Wie wenig hatte es ihn dagegen beeindruckt, dass man ihn an einen Pfahl kettete, weil er dem Gefangenen Wasser und Schatten gespendet hatte.
»Wie ist dein Name?« fragte Mythor in die Dunkelheit des Zeltes hinein, in die Richtung, in der er den Rafher wusste. Es raschelte, als sich der dunkelhäutige Jüngling mit der helleren und von der Sonne geröteten Gesichtshälfte auf die andere Seite herumdrehte.
»Geht es dir besser?« erkundigte sich Mythor. Er bekam keine Antwort, und er hatte auch keine erwartet. Er durfte nicht glauben, dass der Rafher sofort Vertrauen zu ihm hatte, nur weil er ihm Wasser gereicht hatte. In seiner Lage konnte er dies leicht für arglistige Täuschung halten – überhaupt jetzt, da man es ihm ersparte, weiterhin am Pfahl schmachten zu müssen.
»Du brauchst mir nicht zu antworten«, sprach Mythor wieder, »wenn dir nicht danach ist. Aber du sollst wissen, dass ich keine Hintergedanken hatte, als ich…«
Mythor verstummte, als am Eingang des Zeltes ein Geräusch erklang. Gleich darauf wurde die Zeltplane zurückgeschlagen, und eine Gestalt in einem Burnus erschien in der Öffnung. Im Hintergrund war der flackernde Schein der Lagerfeuer zu sehen. Mythor musste den Mann für einen der Wachtposten halten, der sich davon überzeugen wollte, dass mit den Gefangenen alles in Ordnung sei.
Ihm lag eine ätzende Bemerkung auf der Zunge, doch bevor er sie loswerden konnte, erklang eine bekannte Stimme. »Still!
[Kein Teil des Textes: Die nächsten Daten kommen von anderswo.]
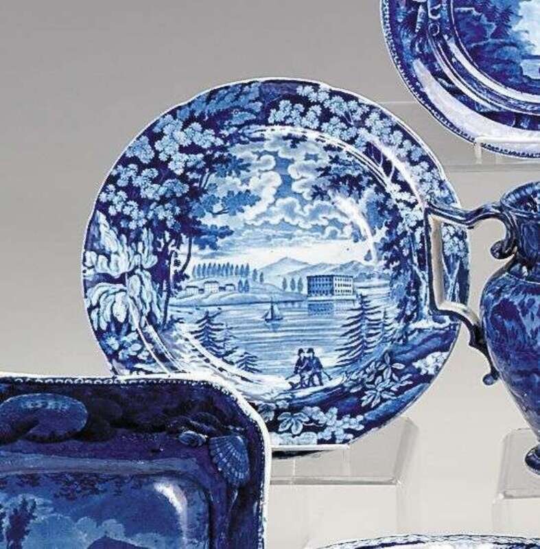 Decorated with an exceptionally rare varient of "View of Governor's Island," without border.
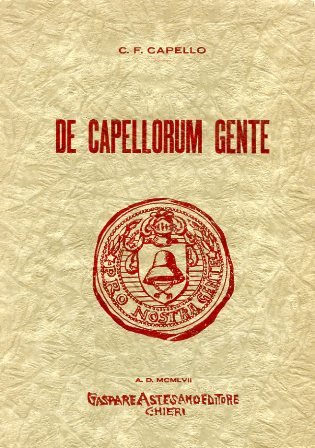 In-8°, pp. 133, brossura editoriale con titolo e illustrazione in rosso. Numerosi alberi genealogici e illustrazioni a colori (riproduzioni di blasoni nobiliari) e in b.n. n.t. e f.t. Ritratto dell'autore in antiporta. Perfetto stato. Prima e unica edizione, stampata in sole 500 copie numerate (n° 342). Ricerche genealogico-araldiche sulla famiglia Capello.

Ich bin es!«
»Sadagar!« entfuhr es Mythor. »Reitet dich ein Dämon, dass du hier eindringst? Das kann dich Kopf und Kragen kosten.«
»Harmod hat die Wache abgelenkt«, erklärte Sadagar flüsternd und warf Mythor ein Bündel zu. »Da, zieh den Burnus an. Wir fliehen.«
»Harmod?« wunderte sich Mythor. »Wie kommt er dazu, uns zu helfen?«
»Stell jetzt keine Fragen!« sagte Sadagar hastig. »Wir haben ein Diromo und Harmod, der mit diesem Schnabelungeheuer umgehen kann. Alles andere zählt im Augenblick nicht. Beeile dich!«
Mythor schlüpfte in den Burnus und stülpte sich die Kapuze über den Kopf. Dann zögerte er. »Wir können nicht ohne den Rafher gehen«, sagte er bestimmt. »Ganif würde ihn früher oder später töten. Wenn wir fliehen, nehmen wir ihn mit.«
Sadagar seufzte. »Ich habe mir so etwas Ähnliches gedacht und Harmod gegenüber eine Andeutung gemacht. Er war nicht begeistert davon, den halbtoten Rafher mitzunehmen. Andererseits kennt er vermutlich das Land besser als jeder andere und… Aber was rede ich da.« Er wandte sich dem Rafher zu und fragte: »Freundchen, kannst du laufen?«
»Er ist zu schwach dazu«, erklärte Mythor.